→ Record set:
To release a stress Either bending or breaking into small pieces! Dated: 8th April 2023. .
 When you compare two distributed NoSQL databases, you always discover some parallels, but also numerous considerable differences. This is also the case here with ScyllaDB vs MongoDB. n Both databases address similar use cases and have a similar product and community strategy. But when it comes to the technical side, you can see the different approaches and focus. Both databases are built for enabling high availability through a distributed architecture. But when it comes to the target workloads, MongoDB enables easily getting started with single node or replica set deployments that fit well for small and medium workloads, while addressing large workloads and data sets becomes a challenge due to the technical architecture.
---
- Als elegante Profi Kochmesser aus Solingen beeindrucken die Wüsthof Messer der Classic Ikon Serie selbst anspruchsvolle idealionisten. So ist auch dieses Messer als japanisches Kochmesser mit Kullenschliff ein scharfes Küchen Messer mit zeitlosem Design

→ Exercise description: Every line of the material above that has the string "small" needs pulling out.

→ Solution to this exercise:
To release a stress Either bending or breaking into small pieces! Dated: 8th April 2023. .
 When you compare two distributed NoSQL databases, you always discover some parallels, but also numerous considerable differences. This is also the case here with ScyllaDB vs MongoDB. n Both databases address similar use cases and have a similar product and community strategy. But when it comes to the technical side, you can see the different approaches and focus. Both databases are built for enabling high availability through a distributed architecture. But when it comes to the target workloads, MongoDB enables easily getting started with single node or replica set deployments that fit well for small and medium workloads, while addressing large workloads and data sets becomes a challenge due to the technical architecture.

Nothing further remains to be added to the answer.